Your goal
Restate word for word the lines of the material below, from the line with "ソーラーパネル搭載+Wi-Fi接続なので面倒な配線工事が必要ありません!" to the line with "Влажный корм для", both lines included, and no others.

Data extract
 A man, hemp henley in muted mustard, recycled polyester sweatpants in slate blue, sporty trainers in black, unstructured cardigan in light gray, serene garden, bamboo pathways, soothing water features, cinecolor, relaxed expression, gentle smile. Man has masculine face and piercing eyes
* * *
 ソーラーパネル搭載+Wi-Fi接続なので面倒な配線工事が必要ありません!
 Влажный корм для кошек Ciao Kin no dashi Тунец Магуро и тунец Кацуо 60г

Exercise result
 ソーラーパネル搭載+Wi-Fi接続なので面倒な配線工事が必要ありません!
 Влажный корм для кошек Ciao Kin no dashi Тунец Магуро и тунец Кацуо 60г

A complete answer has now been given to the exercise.